Thanks Systematics:)
This is not actual documentation because I don’t know it either. It’s just a ‘story’ for now.

Day 7 part 2
From telegram channel:
Q: so I was wrong when I flash system.img
A: yeah that goes inside the rootfs
A: and halium-install will do that for you

The *-ota.sh scripts above seem to be doing this system.img wrapping android in LXC in UT
asus-sake/ota/halium_halium_arm64.tar.xz - that is the UT rootfs.

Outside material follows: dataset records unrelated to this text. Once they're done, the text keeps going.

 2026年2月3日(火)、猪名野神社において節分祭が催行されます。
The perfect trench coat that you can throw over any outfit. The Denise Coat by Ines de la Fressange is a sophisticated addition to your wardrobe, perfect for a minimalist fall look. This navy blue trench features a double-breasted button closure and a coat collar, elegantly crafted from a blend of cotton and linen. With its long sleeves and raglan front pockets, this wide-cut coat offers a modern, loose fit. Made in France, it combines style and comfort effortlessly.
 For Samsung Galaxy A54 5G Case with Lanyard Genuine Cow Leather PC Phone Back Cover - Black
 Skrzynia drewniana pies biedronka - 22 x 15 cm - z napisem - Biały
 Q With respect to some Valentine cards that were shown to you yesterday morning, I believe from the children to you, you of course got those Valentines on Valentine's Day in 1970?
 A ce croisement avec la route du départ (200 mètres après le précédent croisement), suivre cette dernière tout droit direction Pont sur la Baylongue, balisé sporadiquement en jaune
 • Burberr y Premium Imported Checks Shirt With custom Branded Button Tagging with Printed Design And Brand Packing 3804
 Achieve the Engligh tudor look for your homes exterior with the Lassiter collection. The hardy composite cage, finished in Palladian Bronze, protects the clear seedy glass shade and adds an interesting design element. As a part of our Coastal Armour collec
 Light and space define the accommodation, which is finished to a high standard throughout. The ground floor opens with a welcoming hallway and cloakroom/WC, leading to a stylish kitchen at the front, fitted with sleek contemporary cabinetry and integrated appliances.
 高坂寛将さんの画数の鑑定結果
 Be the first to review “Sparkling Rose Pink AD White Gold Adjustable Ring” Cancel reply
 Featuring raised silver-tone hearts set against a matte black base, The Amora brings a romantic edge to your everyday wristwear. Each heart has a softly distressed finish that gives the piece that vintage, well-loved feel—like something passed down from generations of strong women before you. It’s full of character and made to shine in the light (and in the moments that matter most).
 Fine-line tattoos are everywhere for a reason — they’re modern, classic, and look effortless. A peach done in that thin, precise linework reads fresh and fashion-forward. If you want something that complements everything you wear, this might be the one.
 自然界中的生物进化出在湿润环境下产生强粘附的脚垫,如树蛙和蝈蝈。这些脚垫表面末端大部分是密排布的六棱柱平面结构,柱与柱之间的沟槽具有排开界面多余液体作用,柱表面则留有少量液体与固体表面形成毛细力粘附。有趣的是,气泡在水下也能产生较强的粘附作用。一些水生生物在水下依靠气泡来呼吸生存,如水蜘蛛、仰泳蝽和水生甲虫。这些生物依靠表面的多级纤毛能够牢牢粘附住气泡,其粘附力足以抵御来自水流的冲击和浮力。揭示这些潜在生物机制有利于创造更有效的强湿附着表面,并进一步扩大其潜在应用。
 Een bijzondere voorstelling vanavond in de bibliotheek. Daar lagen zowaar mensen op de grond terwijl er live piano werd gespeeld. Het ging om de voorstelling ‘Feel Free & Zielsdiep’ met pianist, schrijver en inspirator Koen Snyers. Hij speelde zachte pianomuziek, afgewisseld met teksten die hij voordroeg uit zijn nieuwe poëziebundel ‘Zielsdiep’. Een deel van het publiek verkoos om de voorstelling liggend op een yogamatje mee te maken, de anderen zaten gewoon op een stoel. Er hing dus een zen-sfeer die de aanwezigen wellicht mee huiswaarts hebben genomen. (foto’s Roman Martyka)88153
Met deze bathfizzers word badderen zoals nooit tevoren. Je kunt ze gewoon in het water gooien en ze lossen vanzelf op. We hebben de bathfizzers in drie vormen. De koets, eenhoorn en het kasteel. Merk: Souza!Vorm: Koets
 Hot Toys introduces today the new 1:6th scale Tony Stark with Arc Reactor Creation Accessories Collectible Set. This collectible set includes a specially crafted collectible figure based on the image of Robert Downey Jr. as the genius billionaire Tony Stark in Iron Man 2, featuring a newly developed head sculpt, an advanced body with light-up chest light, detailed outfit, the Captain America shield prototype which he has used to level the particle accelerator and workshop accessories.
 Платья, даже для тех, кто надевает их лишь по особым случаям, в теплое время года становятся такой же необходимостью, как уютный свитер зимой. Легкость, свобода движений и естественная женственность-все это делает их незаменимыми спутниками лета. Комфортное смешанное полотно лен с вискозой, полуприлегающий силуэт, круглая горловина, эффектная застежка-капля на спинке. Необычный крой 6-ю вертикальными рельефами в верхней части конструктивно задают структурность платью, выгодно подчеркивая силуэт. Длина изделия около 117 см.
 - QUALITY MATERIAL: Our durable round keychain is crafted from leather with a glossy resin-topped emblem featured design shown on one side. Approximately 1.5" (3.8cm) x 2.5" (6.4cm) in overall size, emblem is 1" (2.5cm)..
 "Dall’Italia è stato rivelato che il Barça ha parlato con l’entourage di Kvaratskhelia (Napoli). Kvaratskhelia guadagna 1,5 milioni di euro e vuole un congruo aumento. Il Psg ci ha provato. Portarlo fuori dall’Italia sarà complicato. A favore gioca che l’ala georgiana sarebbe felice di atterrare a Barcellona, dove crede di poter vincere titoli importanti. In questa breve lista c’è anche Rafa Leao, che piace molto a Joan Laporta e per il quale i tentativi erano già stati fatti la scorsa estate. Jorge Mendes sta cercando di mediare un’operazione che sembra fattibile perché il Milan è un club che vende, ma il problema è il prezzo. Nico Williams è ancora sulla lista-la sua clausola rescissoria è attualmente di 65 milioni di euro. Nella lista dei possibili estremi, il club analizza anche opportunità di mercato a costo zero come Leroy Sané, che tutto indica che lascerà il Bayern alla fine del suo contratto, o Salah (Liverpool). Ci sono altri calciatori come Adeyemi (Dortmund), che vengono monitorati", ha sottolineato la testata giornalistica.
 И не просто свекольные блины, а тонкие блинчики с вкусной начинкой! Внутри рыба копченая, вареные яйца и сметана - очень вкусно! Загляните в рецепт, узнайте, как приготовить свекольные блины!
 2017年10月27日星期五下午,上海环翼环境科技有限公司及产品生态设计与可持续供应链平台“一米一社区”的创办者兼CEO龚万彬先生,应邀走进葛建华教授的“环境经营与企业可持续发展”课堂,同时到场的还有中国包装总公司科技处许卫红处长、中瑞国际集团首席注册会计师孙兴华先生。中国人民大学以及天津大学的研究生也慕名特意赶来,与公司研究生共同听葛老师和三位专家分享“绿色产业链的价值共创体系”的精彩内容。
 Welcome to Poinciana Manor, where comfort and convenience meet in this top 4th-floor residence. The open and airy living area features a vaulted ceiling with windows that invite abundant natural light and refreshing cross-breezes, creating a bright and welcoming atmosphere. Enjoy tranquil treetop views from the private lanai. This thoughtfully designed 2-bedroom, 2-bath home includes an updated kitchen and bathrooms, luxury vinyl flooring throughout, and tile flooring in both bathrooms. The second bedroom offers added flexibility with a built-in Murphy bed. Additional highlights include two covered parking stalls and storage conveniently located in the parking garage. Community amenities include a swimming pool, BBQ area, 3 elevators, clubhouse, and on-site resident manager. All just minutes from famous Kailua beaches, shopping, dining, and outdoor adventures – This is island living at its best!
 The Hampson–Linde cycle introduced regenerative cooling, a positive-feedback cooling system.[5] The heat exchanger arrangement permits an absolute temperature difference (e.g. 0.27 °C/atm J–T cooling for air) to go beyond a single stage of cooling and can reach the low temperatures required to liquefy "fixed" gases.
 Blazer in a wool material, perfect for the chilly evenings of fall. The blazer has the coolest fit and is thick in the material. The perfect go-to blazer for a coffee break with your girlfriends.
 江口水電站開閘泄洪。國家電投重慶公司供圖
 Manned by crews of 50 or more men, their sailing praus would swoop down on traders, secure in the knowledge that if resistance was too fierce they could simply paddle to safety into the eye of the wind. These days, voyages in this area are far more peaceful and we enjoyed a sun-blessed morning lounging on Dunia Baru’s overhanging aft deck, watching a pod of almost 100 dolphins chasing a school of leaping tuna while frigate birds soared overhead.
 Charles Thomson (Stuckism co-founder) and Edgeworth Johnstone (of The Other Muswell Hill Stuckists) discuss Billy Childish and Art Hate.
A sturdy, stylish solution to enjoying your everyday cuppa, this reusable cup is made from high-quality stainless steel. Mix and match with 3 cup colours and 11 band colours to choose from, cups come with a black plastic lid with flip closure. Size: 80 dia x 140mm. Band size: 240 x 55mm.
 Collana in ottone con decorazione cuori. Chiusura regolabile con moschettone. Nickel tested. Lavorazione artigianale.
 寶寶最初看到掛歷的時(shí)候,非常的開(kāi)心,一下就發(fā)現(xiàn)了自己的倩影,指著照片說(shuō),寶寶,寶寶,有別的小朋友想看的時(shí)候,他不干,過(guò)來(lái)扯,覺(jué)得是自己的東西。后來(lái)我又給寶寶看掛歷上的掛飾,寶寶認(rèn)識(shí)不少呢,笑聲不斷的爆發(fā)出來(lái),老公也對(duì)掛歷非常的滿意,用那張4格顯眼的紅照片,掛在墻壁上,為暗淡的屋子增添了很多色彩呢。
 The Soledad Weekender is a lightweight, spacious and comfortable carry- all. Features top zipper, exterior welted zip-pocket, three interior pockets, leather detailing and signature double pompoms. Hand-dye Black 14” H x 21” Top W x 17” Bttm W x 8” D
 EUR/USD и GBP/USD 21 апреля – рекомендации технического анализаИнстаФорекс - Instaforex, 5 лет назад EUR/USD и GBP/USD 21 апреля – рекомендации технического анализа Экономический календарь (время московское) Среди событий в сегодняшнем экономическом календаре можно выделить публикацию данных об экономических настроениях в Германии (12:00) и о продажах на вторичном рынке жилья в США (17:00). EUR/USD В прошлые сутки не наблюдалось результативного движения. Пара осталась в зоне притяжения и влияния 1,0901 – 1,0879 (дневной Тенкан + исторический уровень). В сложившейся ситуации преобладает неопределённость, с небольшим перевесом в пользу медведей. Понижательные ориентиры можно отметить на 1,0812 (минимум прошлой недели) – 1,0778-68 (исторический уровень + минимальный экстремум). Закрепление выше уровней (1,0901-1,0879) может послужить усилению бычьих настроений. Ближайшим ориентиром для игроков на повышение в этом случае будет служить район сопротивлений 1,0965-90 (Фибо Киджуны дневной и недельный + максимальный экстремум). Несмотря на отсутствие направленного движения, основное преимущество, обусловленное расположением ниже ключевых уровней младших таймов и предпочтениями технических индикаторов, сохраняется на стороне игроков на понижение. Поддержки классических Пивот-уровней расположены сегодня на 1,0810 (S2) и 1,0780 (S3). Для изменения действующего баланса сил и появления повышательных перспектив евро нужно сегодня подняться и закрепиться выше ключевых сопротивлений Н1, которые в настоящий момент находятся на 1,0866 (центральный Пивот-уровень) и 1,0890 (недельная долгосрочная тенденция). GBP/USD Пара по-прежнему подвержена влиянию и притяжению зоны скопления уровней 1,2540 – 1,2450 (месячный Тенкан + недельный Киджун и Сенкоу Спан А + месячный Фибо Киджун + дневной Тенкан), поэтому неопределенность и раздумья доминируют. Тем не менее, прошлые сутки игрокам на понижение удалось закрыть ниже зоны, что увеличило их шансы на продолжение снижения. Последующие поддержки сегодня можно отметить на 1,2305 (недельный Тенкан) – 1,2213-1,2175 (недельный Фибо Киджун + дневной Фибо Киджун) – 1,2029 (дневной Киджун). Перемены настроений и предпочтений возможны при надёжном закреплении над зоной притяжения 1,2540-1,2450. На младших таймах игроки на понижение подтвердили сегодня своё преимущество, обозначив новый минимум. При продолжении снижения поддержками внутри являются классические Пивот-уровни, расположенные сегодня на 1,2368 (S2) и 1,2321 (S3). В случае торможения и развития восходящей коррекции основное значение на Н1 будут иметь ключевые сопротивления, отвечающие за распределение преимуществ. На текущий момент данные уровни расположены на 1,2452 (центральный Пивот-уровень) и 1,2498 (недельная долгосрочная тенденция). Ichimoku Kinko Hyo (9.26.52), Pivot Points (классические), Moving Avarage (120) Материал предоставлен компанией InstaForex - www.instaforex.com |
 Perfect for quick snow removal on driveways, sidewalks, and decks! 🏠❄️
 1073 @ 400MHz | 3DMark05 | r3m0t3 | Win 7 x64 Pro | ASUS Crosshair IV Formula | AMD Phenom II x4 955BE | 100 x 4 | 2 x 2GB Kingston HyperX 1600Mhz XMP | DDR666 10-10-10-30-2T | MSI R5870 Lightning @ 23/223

Yay, another guide UBports pad (today it starts in Cyrillic. Maybe somebody pasted a translation)
Another (3rd?) advice on kernel config. This time I’m missing
CONFIG_PROC_NS
Next will be lxc-checkconfig maybe.

Back to booting: one possiblity would be that I need to revert my vendor_boot changes, switch the boot.img to version 2 and copy a similar device offsets from Poco X3 Pro.
Well it didn’t. Altough vayu (Poco X3 Pro) was launched with Android 11 it doesn’t have this image version = 3 which implies vendor_boot :hmm:

Entering fastbootD with adb restart fastboot does not help writing the partitions either

Warning: skip copying boot_b image avb footer (boot_b partition size: 100663296, boot_b image size: 134217728).
Sending 'boot_b' (131072 KB)                       OKAY [  4.383s]
Writing 'boot_b'                                   FAILED (remote: 'Value too large for defined data type')
fastboot: error: Command failed
$ fastboot flash system out/system.img 
Resizing 'system_b'                                FAILED (remote: 'Not enough space to resize partition')
fastboot: error: Command failed

The first error might be because I declared vayu’s size for boot partition. Hopefully it’s just padding. I put back the lower sake (my device) number in, and the partition is flashed (it’s interesting that the bootloader did not warn about that, but fastbootd does, hmm)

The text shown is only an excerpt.